Commentary: Sign Of An Apocalypse In Private Equity?

The notion of a Microsoft buyout may signal a market gone batty

Could Microsoft (MSFT ) be bought out? That's precisely what the Financial Times of London recently called for. A consortium of private equity firms, the FT wrote, could cobble together the $288 billion needed -- nearly nine times more than the largest deal ever made. Why dare? "In truth," wrote the FT, "Microsoft would be worth more off the [public] market than on it."

The fact that anyone is talking seriously about such a colossal deal might in itself signify the high-

water mark of the private-equity boom. To consider Microsoft buyout bait is to believe that no target is too big. After all, money was no object when Bain Capital, Kohlberg Kravis Roberts, and Merrill Lynch Global Private Equity (MER ), among others, recently pulled off a $33 billion deal for hospital operator HCA (HCA ), eclipsing the size of the 1989 RJR Nabisco Holdings buyout. What's another quarter-trillion bucks among friends?

The idea of privatization is rooted in valid frustrations. A maturing Microsoft has been a lazy steward of its capital structure, which, with at least $34 billion in cash and not a dime of debt, is lopsided and has been for years. That was fine when the stock was soaring. But Microsoft shares have round-tripped back to the price at which they traded this time eight years ago, despite the company tripling earnings per share and, since 2004, paying dividends in excess of $39 billion.
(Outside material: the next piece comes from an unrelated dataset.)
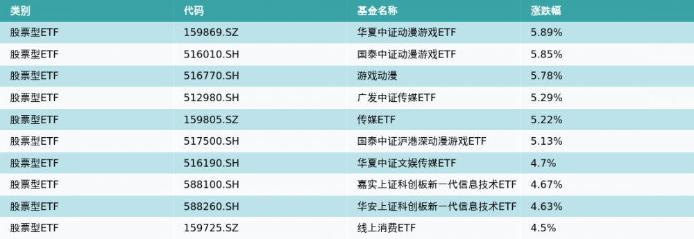 昨日股票型ETF涨幅最高的3支ETF及其收益率分别为:华夏中证动漫游戏ETF(5.89%)、国泰中证动漫游戏ETF(5.85%)、游戏动漫(5.78%)。涨幅前10详情见下表:
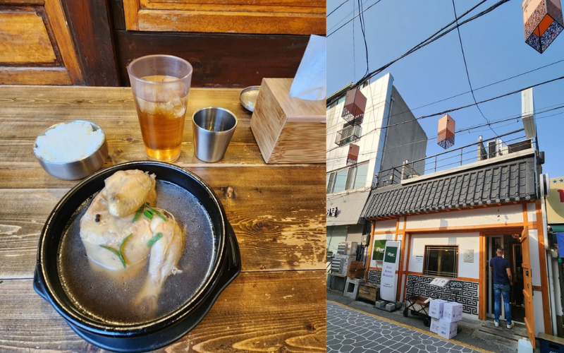 My second stop was near Gyeongbokgung Palace to explore traditional food culture at a restaurant ‘Iftar’ with a traditional Korean hanok-style interior design, wooden designs, warm lighting, and a menu that immerses you in Korean culinary heritage. I chose a dish I've always dreamed of trying, which is 'samgyetang', a traditional Korean chicken soup notoriously known for its health benefits, commonly consumed in the summer to fight the heat and replenish fluids and electrolytes through sweating and physical activity. This dish typically consists of a whole small chicken stuffed with garlic, rice, and ginseng. This restaurant's version contains half a small chicken to accommodate individual portions. I was truly impressed by the healthy and nutritious taste of this soup, especially with rice as a side dish, a highly recommended meal for tourists after a day of exploring the city by walking or doing hiking activities.

Management also failed to capitalize on an incredibly cheap debt market to bolster shareholder returns.

The go-private camp makes a fair point when it argues that buyout firms could probably trim enough fat from Mister Softee to make their enormous investment profitable. "In theory, someone could 'cash-cow' it and cut expenses to make it work," agrees L. Alan Davis, an analyst with Lake Oswego (Ore.) investment bank D.A. Davidson & Co.

But practically speaking, it's not going to happen. "Snakes on a Plane will win a best picture Oscar before Microsoft gets acquired by LBO firms," sniffed Daniel Primack, editor of PE Week Wire, a daily private-equity e-mail newsletter.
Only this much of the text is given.